Eu tava em uma casa de chá apertada perto de Aabpara por volta da meia-noite, meio assistindo a chuva acumular na borda da calçada enquanto meu laptop ficava reconectando ao Wi-Fi fraco a cada poucos minutos.
Eu tinha um dashboard aberto em uma aba, uma carteira em outra, e um trabalho freelancer meio feito embaixo de tudo porque eu tava fingindo que tava multitarefando.
Na real, eu só tava atualizando a mesma página repetidamente sem admitir pra mim mesmo.
O estranho era que a atividade na rede parecia viva.
Os pedidos estavam rolando. As transações estavam processando.
Mas o valor associado a um dataset pequeno que eu tinha enviado naquela semana não tinha mudado nada.
Zero movimento.
O que, honestamente, me irritou mais do que se tivesse simplesmente caído fora.
Eu me lembro de ter pensado: talvez esse negócio seja falso de um jeito mais sofisticado do que o comum.
Não é golpe-falso.
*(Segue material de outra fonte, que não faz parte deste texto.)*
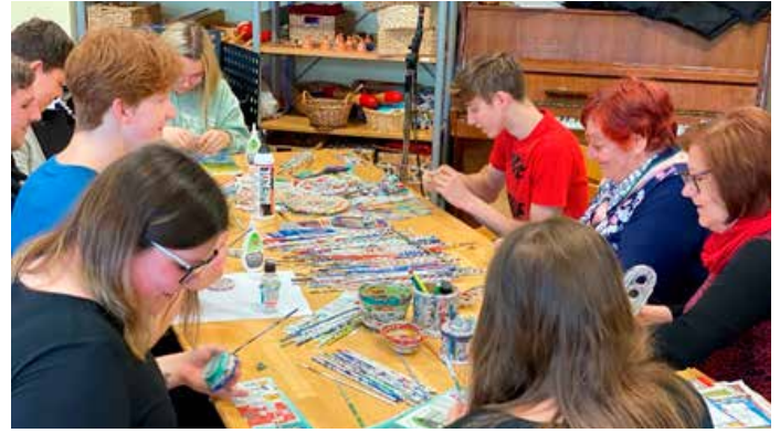
Projektne dnevi Ustvarjajmo skupaj.

V mesecu maju 2022 se je osem dijakov udeležilo Vzgojiteljade, ki je potekala v Jesenicah, kjer so se udeležili različnih delavnic, pomembnih za poklic vzgojitelja/vzgojiteljice, ter se povezovali z drugimi srednjimi šolami, ki izvajajo program predšolske vzgoje. Skozi celo leto potekajo že ustaljene medpredmetne povezave, s katerimi pripravljamo zanimive in unikatne izdelke ter storitve, kot so izvirne slikanice, pesmarice, stop animacije, filmčki, delavnice in predstave za otroke.
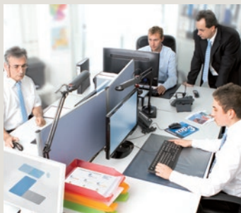
Die zafir Dispatch Specialists
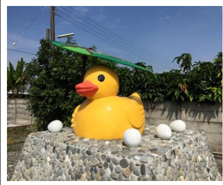
圖 1. 社區的黃色小鴨

洽興打造屬於自己社區的黃色小鴨 LOGO，也推展社區環境改造計畫，社區閒置空間開闢成美麗花園，成為居民最佳休閒場所。
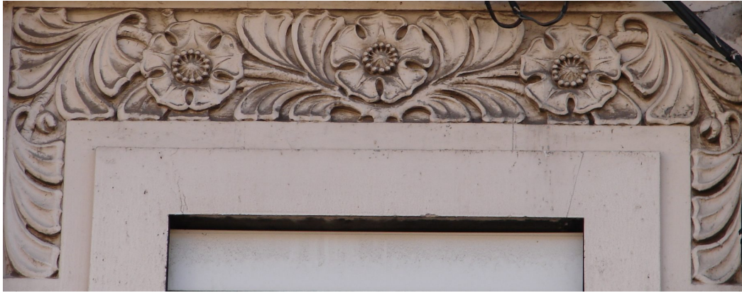
Détail sculpté © SVAH Lille
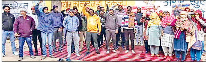
महेंद्रगढ़। सरकार व प्रशासन के प्रति नारेबाजी करते कर्मचारी।

हुए सफाई कर्मचारी यूनियन के कर्मचारियों ने कहा कि कई बार नगर पालिका प्रशासन को अवगत करवाया जा चुका है कि स्थानीय नगर पालिका के कर्मचारियों को 2017 से 2023 तक का एरियर बकाया है। वहीं, यहां के कर्मचारियों को समान काम समान वेतन नहीं दिया जा रहा है। जबकि, प्रदेश की अन्य पालिकाओं और परिषद में समान काम समान वेतन मिल रहा है। यूनियन के कर्मचारी कई बार ज्ञापन के माध्यम से भी नगर पालिका के अधिकारियों व विधायक तक को अवगत करवा चुके हैं कि कर्मचारियों का बकाया एरियर जल्दी दिया जाए, लेकिन अभी तक उनको एरियर नहीं मिला है। जिसके चलते उन्होंने
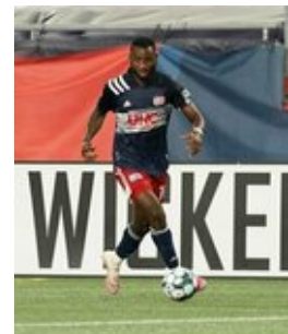
REVS_II_vs_RED_WOLVES...REVS_II_vs_RED_WOLVES...REVS_II_vs_RED_WOLVES...REVS_II_vs_RED_WOLVES... CAP2020USL1 RIICRW0644 CAP2020USL1 RIICRW0154 CAP2020USL1 RIICRW1029 CAP2020USL1 RIICRW0981
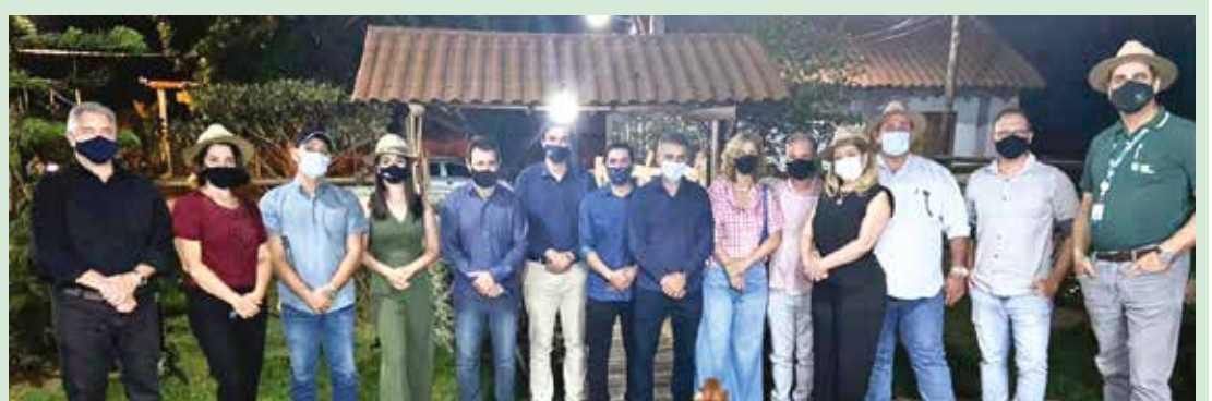
VEJA NA PÁGINA 06
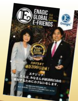
200号達成記念号 (2017年7月号表紙)
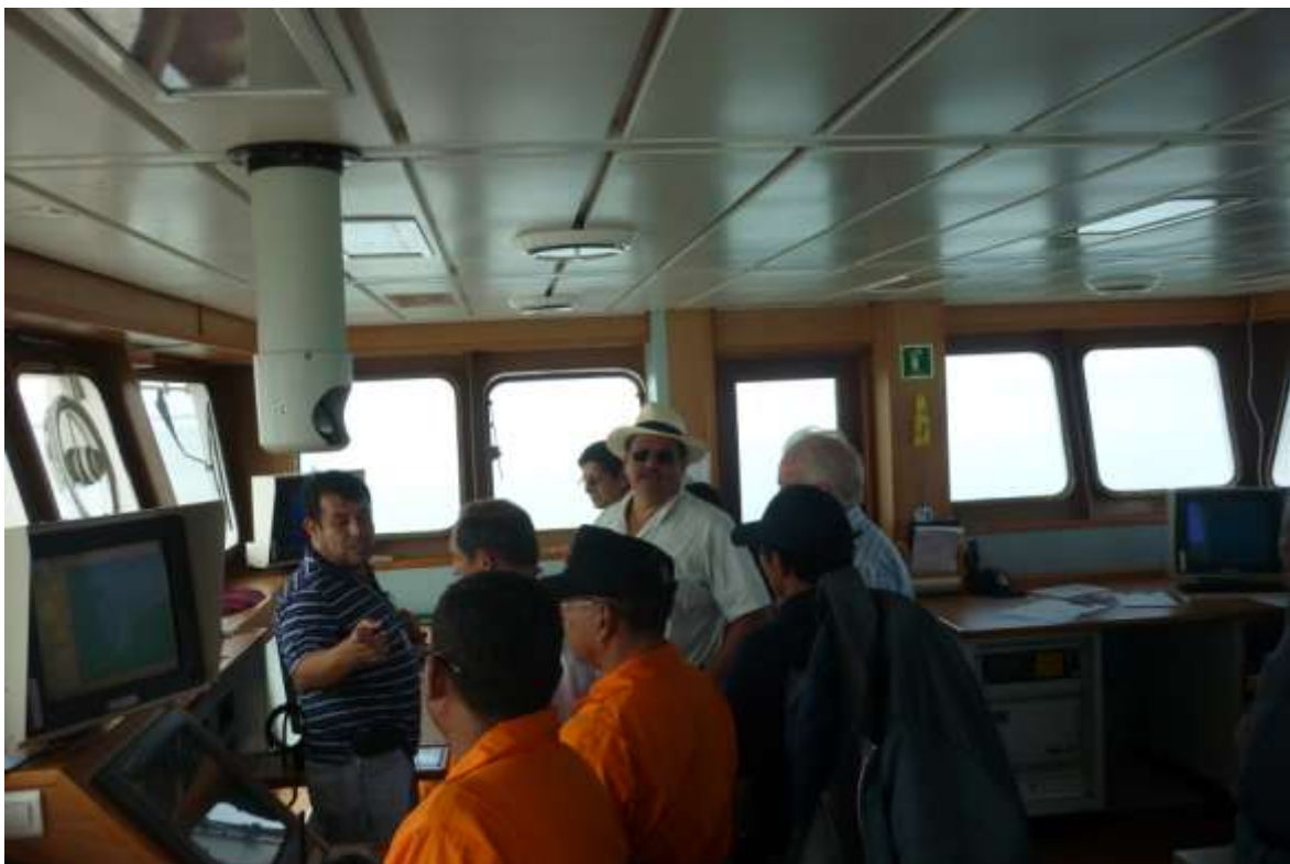
Fotografía 5. Funcionarios de APG, DIGEIM, SERDRA y ESPOL compartiendo información con el personal de la Fiscalización y Auditoría Ambiental
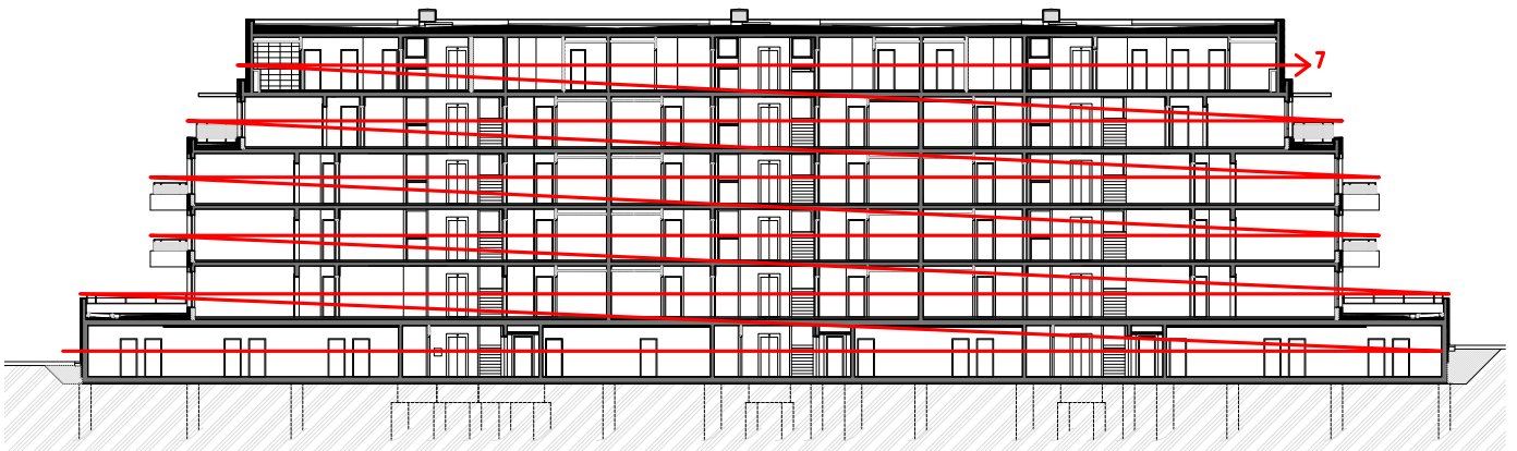
Obrázek 8- Schéma etapy 7
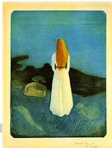
Djevojka na obali
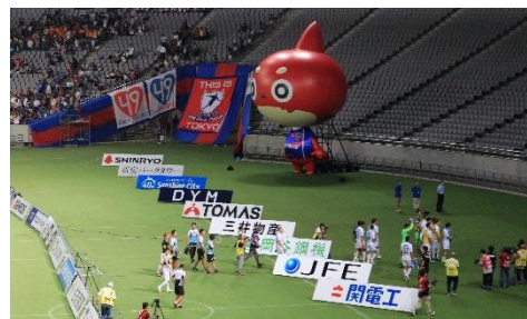
※株式会社 DYM は FC 東京のクラブスポンサーです
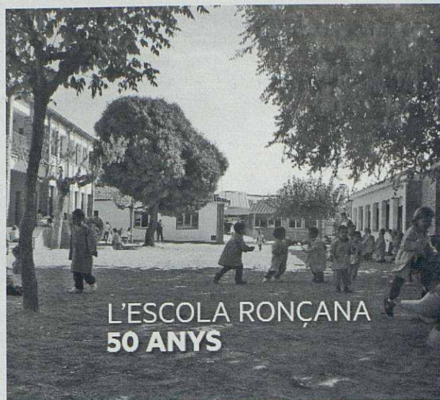
Portada del llibre commemoratiu.
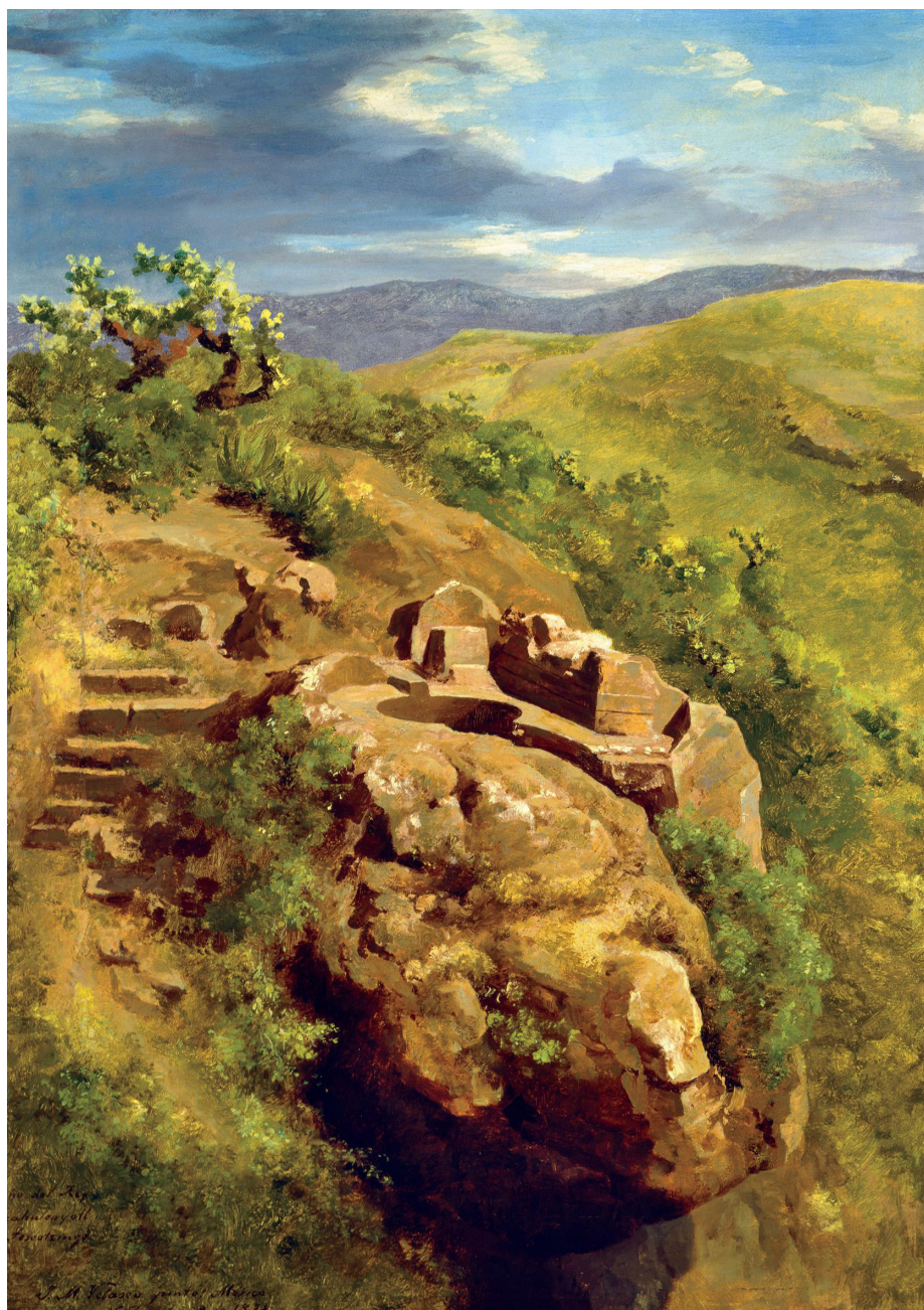
Baño de Nezabualcóyotl - José María Velasco, 1878
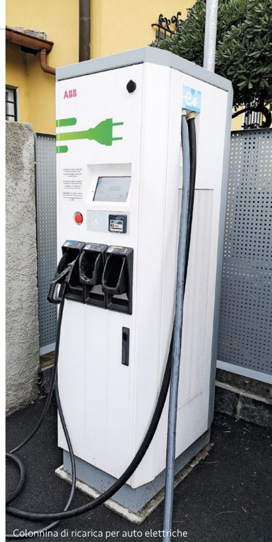
Colonnina di ricarica per auto elettriche

Zu Beginn des Jahres 2018 wurde das Gemeindeamt für Energie geschaffen, welches auch als Schalter zur Beratung der örtlichen Betriebe und der Mitbürger dient. Im 2018 wurde auch das Gemeindegremium betreffend die Bereitstellung von Anreizen zugunsten einer Energieeinsparung, der Nutzung von erneuerbaren Energien und der nachhaltigen Mobilität verabschiedet, welches eine finanzielle Unterstützung zugunsten Immobilieneigentümer vorsieht, die bereit sind, aus energetischer Sicht ihre Gebäude zu analysieren und beschliessen, ihre veralteten Heizungsanlagen durch nachhaltigere zu ersetzen. Weiter wurden finanziell unterstützt: Bike Sharing, Ladestationen zu Hause für Elektrofahrzeuge sowie der Erwerb von E-Bikes. Die Strategie vergisst auch nicht den Hotelsektor, welcher
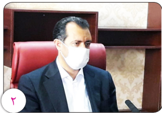
مدیرکل امور اقتصادی و دارایی استان کرمان: نظارت های درونی و سیستمی از مهم ترین ابزارهای نظارت هستند

چهارشنبه ۲۲ تیر ماه ۱۴۰۱ / ۱۳ ذی الحجه ۱۴۴۳ / ۱۳ جولای ۲۰۲۲ ۸ صفحه ای - سال یازدهم شماره ۱۵۶۵ تک شماره ۲۰۰۰ تومان
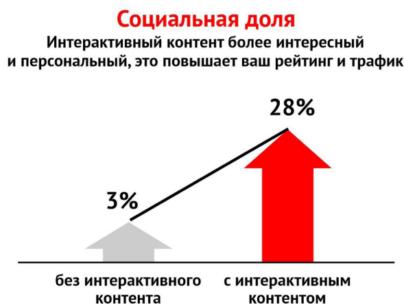
Рис. 1. Рост трафика при использовании интерактивности

Результаты ежегодного исследования Digital 2022 Global Overview Report показали, что типичный пользователь YouTube проводит в мобильном приложении 23,7 часа в месяц [5]. По данным исследования DemandGen аудитория интересуется интерактивным контентом вдвое больше, чем текстом одновекторной направленности [6]. При этом 69% респондентов предпочитают файлы в формате GIF, 65% выбирает видео, а 82% привлекает интерактивность в любой форме. А аудитория Facebook 1 проводит за просмотром Live-видео в четыре раза больше времени [7], чем за просмотром записанных заранее роликов. Интересным и увлекательным контентом пользователи делятся на 28% [8] чаще, чем статическим [9] (см. рис. № 1). Благодаря использованию технологий интерактивности значительно увеличивается охват аудитории и растет рейтинг издания.
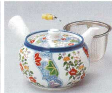
34820-607 花流水PP中急須 2,450円 (400cc) (有田焼)
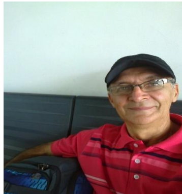
En el Aeropuerto de Pucallpa

Nuevamente desde que se dio a conocer la Invitación para los que deseaban participar de los Eventos en la ciudad de Lima, comencé a ver la posibilidad de participar, para mí nunca es fácil poder estar presente en actividades fuera del lugar donde vivo. Gracias a Dios en muchas oportunidades tocando puertas se me abrieron y encontré el apoyo que requería. Esta vez no fue la excepción. Tanto en lo económico como en alojamiento hubo personas y hermanos en misión que me dieron la mano, por la cual desde ya les estoy muy agradecido y siempre pediré bendiciones por ellos.
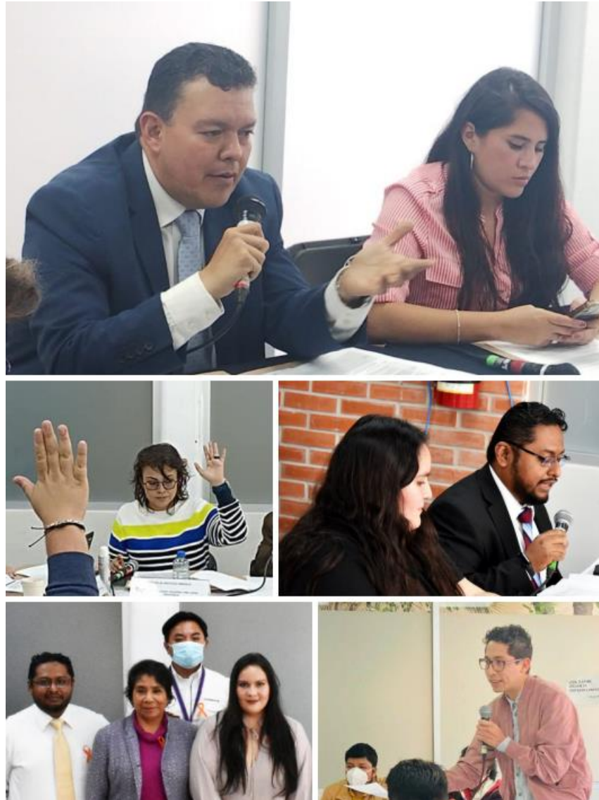
Imagen 10. Sesiones de Comisiones, fotos tomadas en el periodo del 01 de octubre del 2022 al 30 de septiembre de 2023.
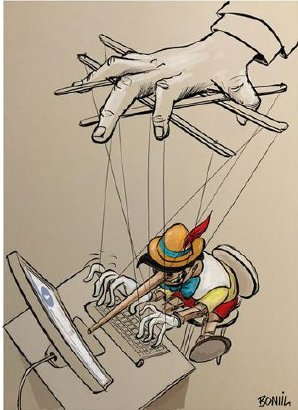
Bonil, « Fake news », paru en 2017 dans Nuestro Mundo Magazine .
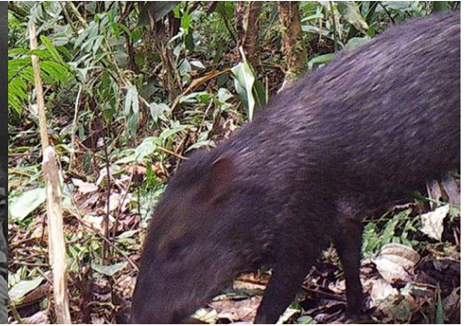
12 Pecari tajacu TAYASSUIDAE Pecarí de Collar Collared Peccary
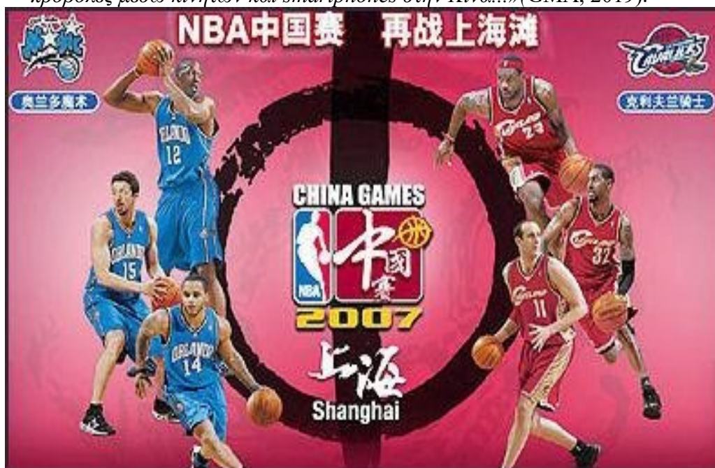
Εικόνα 22: NBA players in China

-Το 2017, ο τελικός του NBA προσέλκυσε περισσότερες από 200 εκατομμύρια προβολές μέσω κινητών και smartphones στην Κίνα...»(GMA, 2019).

Pior. Falso sem utilidade.
Porque eu passei tempo suficiente ao redor do cripto para reconhecer o padrão em que as pessoas inventam sistemas complicados só para criar a aparência de importância.
Novas camadas, novos termos, novos dashboards cheios de atividade brilhando que, de algum jeito, nunca tocam em nada real.
Todo mundo fala “infraestrutura” tempo o bastante até que ninguém pergunte o que a infraestrutura realmente está fazendo.
Eu quase fechei a aba bem ali.
Em vez disso, eu tentei reenviar novamente porque achei que tinha feito algo errado na primeira vez.
Essa parte é constrangedora agora porque o erro foi meu de verdade — só não do jeito que eu achava.
Eu rotulei os dados mal.
Coisa pequena. Formatação ruim.
O tipo de detalhe descuidado que você ignora porque assume que as máquinas vão resolver automaticamente.
Eles não.
Cerca de vinte minutos depois, depois de consertar e reenviar, o sistema reagiu de um jeito diferente quase imediatamente.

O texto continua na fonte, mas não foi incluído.